• _PROBLEM REQUIREMENTS_
Your job is to retype the records exactly while dropping every picture.
Start of DATASET EXTRACT
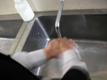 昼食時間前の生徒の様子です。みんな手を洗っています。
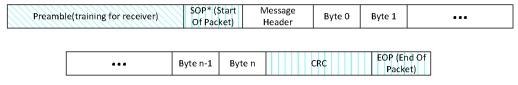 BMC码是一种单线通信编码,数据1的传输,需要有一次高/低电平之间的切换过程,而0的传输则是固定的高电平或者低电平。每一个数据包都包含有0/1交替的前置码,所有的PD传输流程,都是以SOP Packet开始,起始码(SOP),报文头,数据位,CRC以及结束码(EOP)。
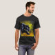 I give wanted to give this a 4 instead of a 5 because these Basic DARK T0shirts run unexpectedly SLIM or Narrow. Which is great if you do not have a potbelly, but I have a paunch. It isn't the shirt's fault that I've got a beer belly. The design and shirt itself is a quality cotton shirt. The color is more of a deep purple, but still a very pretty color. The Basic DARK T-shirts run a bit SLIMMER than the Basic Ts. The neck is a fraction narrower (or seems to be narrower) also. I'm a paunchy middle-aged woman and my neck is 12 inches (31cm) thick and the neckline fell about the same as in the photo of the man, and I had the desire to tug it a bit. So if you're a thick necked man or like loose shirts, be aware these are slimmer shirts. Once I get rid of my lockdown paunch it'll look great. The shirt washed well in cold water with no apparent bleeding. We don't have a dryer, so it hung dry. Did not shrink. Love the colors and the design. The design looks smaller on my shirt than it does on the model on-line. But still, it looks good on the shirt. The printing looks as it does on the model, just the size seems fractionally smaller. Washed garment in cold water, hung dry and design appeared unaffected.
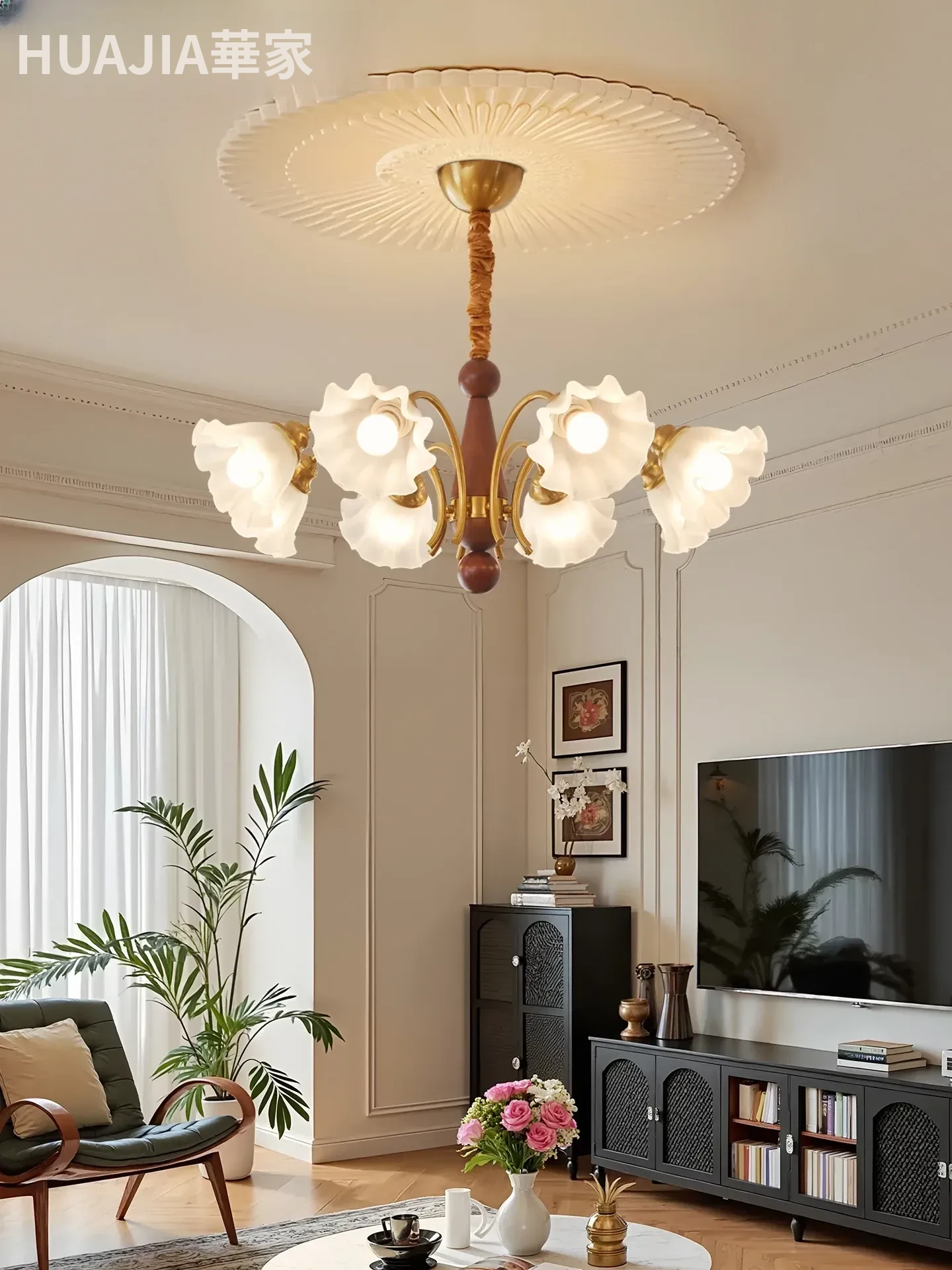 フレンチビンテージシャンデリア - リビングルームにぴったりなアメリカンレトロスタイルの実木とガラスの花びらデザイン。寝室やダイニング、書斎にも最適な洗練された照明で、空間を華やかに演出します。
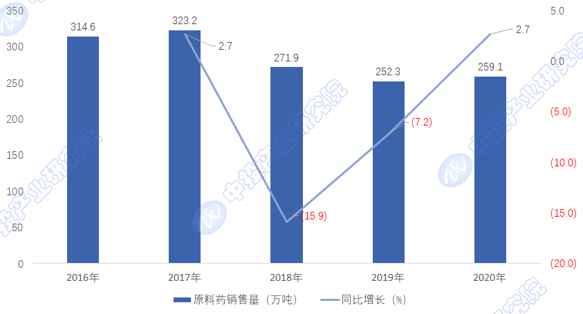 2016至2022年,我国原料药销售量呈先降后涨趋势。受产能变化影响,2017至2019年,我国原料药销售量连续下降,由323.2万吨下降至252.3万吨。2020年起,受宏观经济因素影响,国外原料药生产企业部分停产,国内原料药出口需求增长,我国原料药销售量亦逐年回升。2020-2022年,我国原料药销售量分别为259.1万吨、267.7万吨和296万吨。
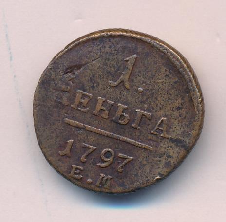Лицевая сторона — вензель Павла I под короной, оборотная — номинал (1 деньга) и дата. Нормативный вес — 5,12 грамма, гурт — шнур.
End of DATASET EXTRACT
• _RESULT OF THE EXERCISE_
 昼食時間前の生徒の様子です。みんな手を洗っています。
 BMC码是一种单线通信编码,数据1的传输,需要有一次高/低电平之间的切换过程,而0的传输则是固定的高电平或者低电平。每一个数据包都包含有0/1交替的前置码,所有的PD传输流程,都是以SOP Packet开始,起始码(SOP),报文头,数据位,CRC以及结束码(EOP)。
 I give wanted to give this a 4 instead of a 5 because these Basic DARK T0shirts run unexpectedly SLIM or Narrow. Which is great if you do not have a potbelly, but I have a paunch. It isn't the shirt's fault that I've got a beer belly. The design and shirt itself is a quality cotton shirt. The color is more of a deep purple, but still a very pretty color. The Basic DARK T-shirts run a bit SLIMMER than the Basic Ts. The neck is a fraction narrower (or seems to be narrower) also. I'm a paunchy middle-aged woman and my neck is 12 inches (31cm) thick and the neckline fell about the same as in the photo of the man, and I had the desire to tug it a bit. So if you're a thick necked man or like loose shirts, be aware these are slimmer shirts. Once I get rid of my lockdown paunch it'll look great. The shirt washed well in cold water with no apparent bleeding. We don't have a dryer, so it hung dry. Did not shrink. Love the colors and the design. The design looks smaller on my shirt than it does on the model on-line. But still, it looks good on the shirt. The printing looks as it does on the model, just the size seems fractionally smaller. Washed garment in cold water, hung dry and design appeared unaffected.
 フレンチビンテージシャンデリア - リビングルームにぴったりなアメリカンレトロスタイルの実木とガラスの花びらデザイン。寝室やダイニング、書斎にも最適な洗練された照明で、空間を華やかに演出します。
 2016至2022年,我国原料药销售量呈先降后涨趋势。受产能变化影响,2017至2019年,我国原料药销售量连续下降,由323.2万吨下降至252.3万吨。2020年起,受宏观经济因素影响,国外原料药生产企业部分停产,国内原料药出口需求增长,我国原料药销售量亦逐年回升。2020-2022年,我国原料药销售量分别为259.1万吨、267.7万吨和296万吨。
Лицевая сторона — вензель Павла I под короной, оборотная — номинал (1 деньга) и дата. Нормативный вес — 5,12 грамма, гурт — шнур.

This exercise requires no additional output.